Ancient physicians-scientists Hippocrates and Galen claimed a connection between mental disorder and those in the stomach, in its upper part in particular. This is evidently the reason why mental depression (hypochondria) was called after the name of hypochondriac. What organs are positioned there? They are stomach, liver, gall bladder, and duodenum. Peter Badmayev, a famous Tibetan physician, successfully treated (to complete recovery of a patient) such a serious disease as BORO. The story goes that nine famous physicians could neither determine the cause of the patient's disease nor cure it and came to the conclusion that the lethal end is inevitable. Only a Tibetan physician identified the disease and its pathogenesis. BORO is “disorder in respiratory metabolism in the first stages of alimentary at its catarrhal state” (P. Badmayev “The Basis of Medical Science of Tibet”, supplement, M. 1991, p.19, in Russian). Using modern knowledge in biology, physiology and pathology, BORO can be expanded as a disease of the organ of body control (regulation). What is this organ, “the first stages”, where digestion and assimilation of food occur simultaneously, organ which controls the whole body? It may seem that the first stage where starch is broken down, by saliva is the mouth. However, food is not assimilated in the mouth, it is swallowed and moves on. Neither is it assimilated in the esophagus. In the stomach, only proteins are digested, but not assimilated. Even water does not undergo assimilation there. Alcohol is alone to have this privilege. A food clot consisting of proteins, fats, carbohydrates, and some other substances goes to the duodenum. There the clot is subjected to the action of powerful pancreatic juice and bile, so that proteins, fats, and carbohydrates are simultaneously digested in this medium.

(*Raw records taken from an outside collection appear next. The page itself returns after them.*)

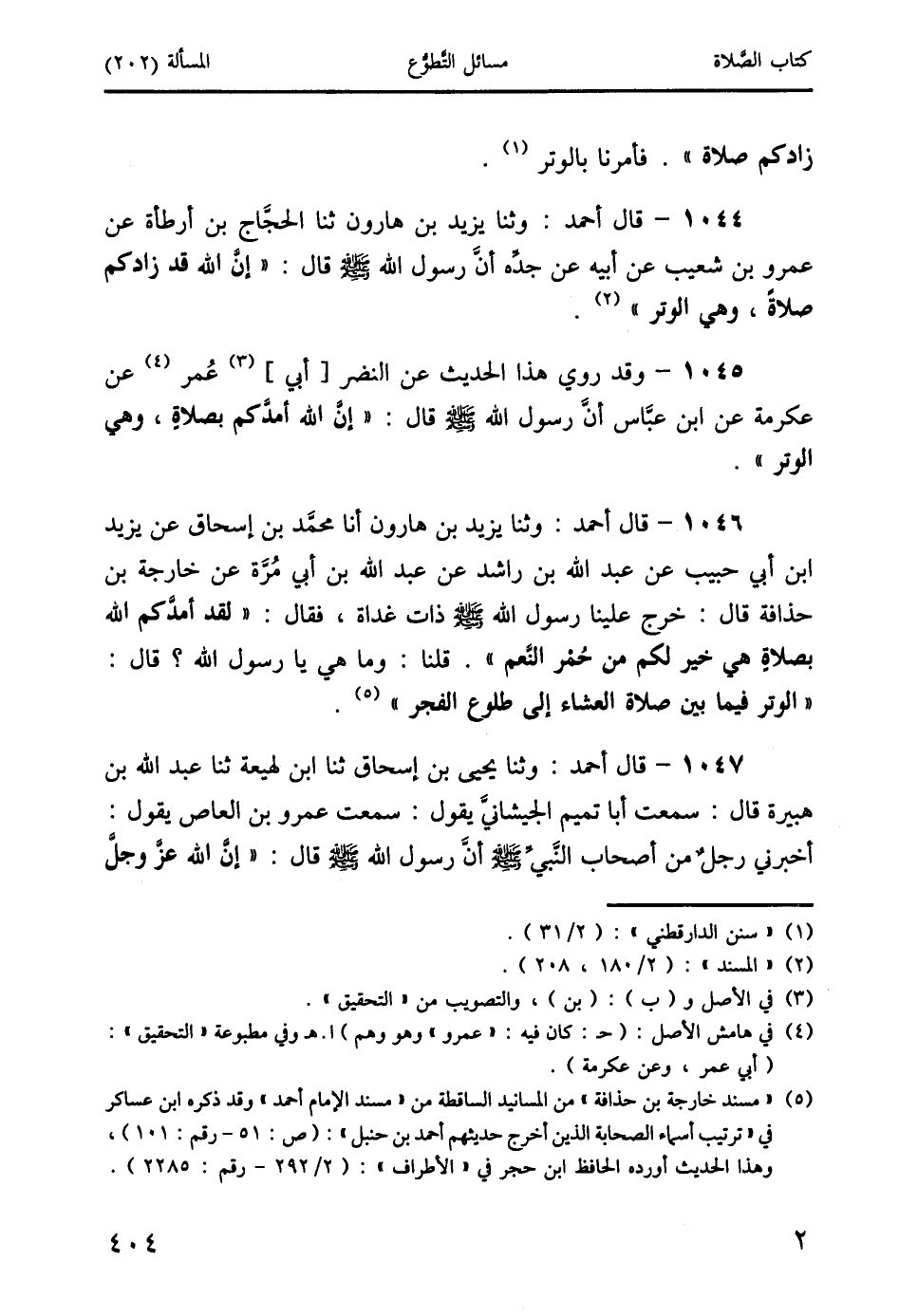 1046 - قال أحمد: وثنا يزيد بن هارون أنا محمد بن إسحاق عن يزيد ابن أبي حبيب عن عبد الله بن راشد عن عبد الله بن أبي مُرَّة عن خارجة بن حذافة قال: خرج علينا رسول الله صَلَّى اللَّهُ عَلَيْهِ وَسَلَّمَ ذات غداة، فقال: " لقد أمدَّكم الله بصلاةٍ هي خير لكم من حُمْر النَّعم ". قلنا: وما هي يا رسول الله؟ قال: " الوتر فيما بين صلاة العشاء إلى طلوع الفجر " (5).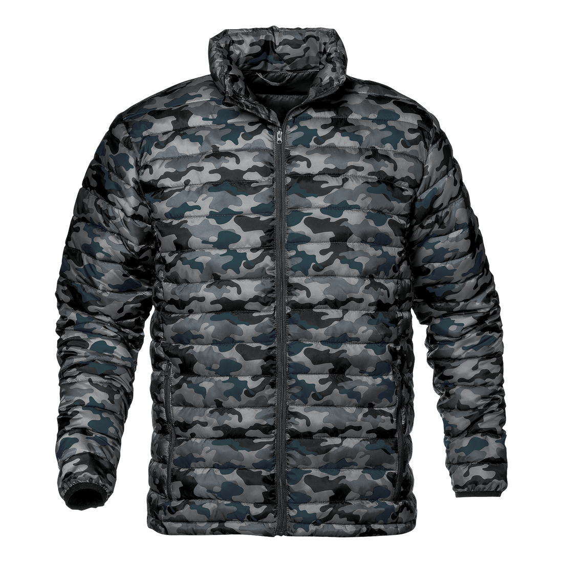 Down jacket in 100% camouflage printed nylon with 100% polyester lining and 100 g/m2 polyester padding with horizontal stitching, lightweight with high thermal properties. Zipper closure and inner windproof flap, side pockets with zipper closure, inner pockets, elastic cuffs, elastic drawstring waist, ergonomic model.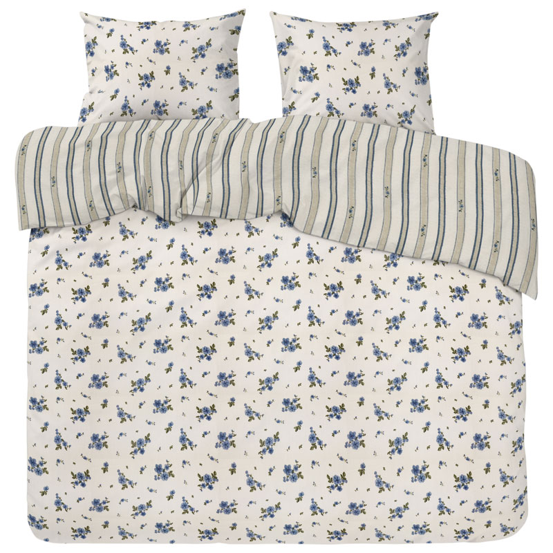 Vackert påslakanset i bäckebölja, med två olika mönster från Redlunds. Ena sidan är blommig med en vit botten och den andra sidan är randig med små blommig detaljer för att matcha.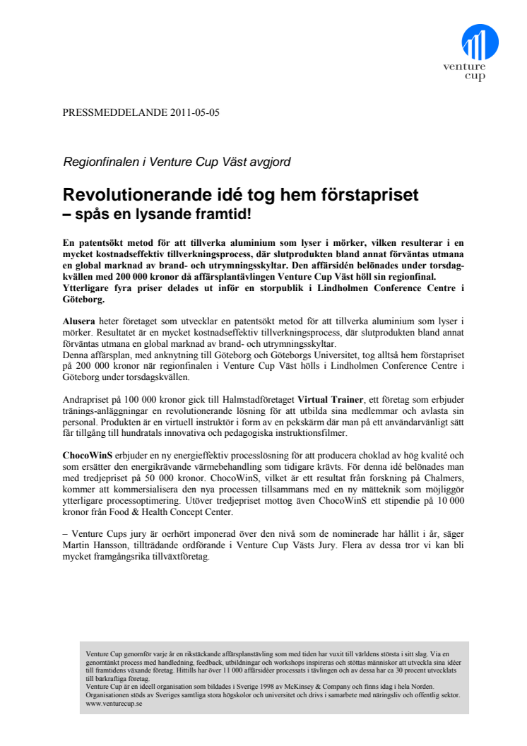 En patentsökt metod för att tillverka aluminium som lyser i mörker där slutprodukten bland annat förväntas utmana en global marknad av brand- och utrymningsskyltar. Den affärsidén belönades under torsdag-kvällen med 200 000 kronor då affärsplantävlingen Venture Cup Väst höll sin regionfinal. Ytterligare fyra priser delades ut inför en storpublik i Lindholmen Conference Centre i Göteborg.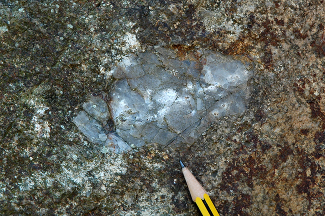 La granodiorite contient aussi de la cordiérite, jusqu’à 8 %, visible en lame mince. |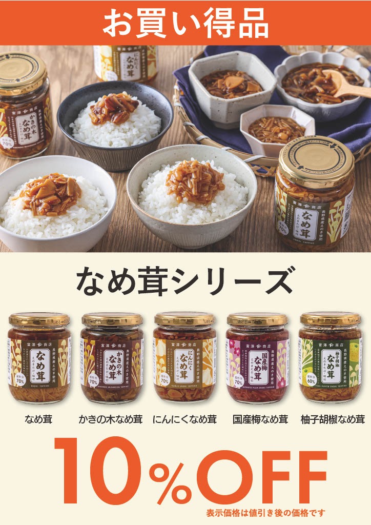 ご飯が進むなめ茸シリーズを、オープニング期間中10%OFFにて販売。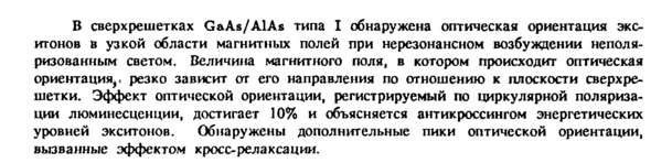 В сверхрешетках GaAs/AlAs типа I обнаружена оптическая ориентация экс-итонов в узкой области магнитных полей при нерезонансном возбуждении неполя-ризованным светом. Величина магнитного поля, в котором происходит оптическая ориентация^, резко зависит от его направления по отношению к плоскости сверхрешетки. Эффект оптической ориентации, регистрируемый по циркулярной поляризации люминесценции, достигает 10% и объясняется антикроссингом энергетических уровней экситонов. Обнаружены дополнительные пики оптической ориентации, вызванные эффектом кросс-релаксации.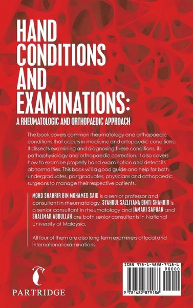 The book covers common rheumatology and orthopaedic conditions that occurs in medicine and ortopaedic conditions. It dissects examining and diagnosing these conditions, its pathophysiology and orthopaedic correction. It also covers how to examine properly hand examination and detect its abnormalities. This book will a good guide and help for both undergraduates, postgraduates, physicians and orthopaedic surgeons to manage their respective patients.

Before the food clot gets to the duodenum, digestive juice of pancreas fills the pores of limbus penicillatus in epithelium cells where carbohydrates are digested to give glucose, fats to fat acids and glycerine, and proteins to give amino acids and all the products are simultaneously assimilated. When identified, this stage of digestion was called membrane or parietal by A. M. Ugolev. Such a complicated process of digestion and assimilation is due to a complicated composition of food. Carbohydrates (starch and sugar) are partly digested by ptyalin in the mouth, but mainly in the duodenum where they are immediately assimilated. Proteins, primarily as cell membranes of plants and animals, first undergo digestion in an acidic medium in the stomach by pepsin and then in an alkaline medium in the pyloric part by pepsin as well. This prepares the food clot for the medium in the duodenum where all enzymes work only in an alkaline medium. Fats are digested only in the duodenum by pancreatic lipase. Bile emulsifies fats so that their tiny drops could penetrate into the pores of limbus penicillatus. Final digestion of proteins to amino acids by trypsin also occurs in the pores of limbus penicillatus of the duodenum where they are immediately assimilated. So, proteins, fats and carbohydrates are simultaneously digested and assimilated in the duodenum. Only proteins are prepared for final digestion and assimilation in the stomach.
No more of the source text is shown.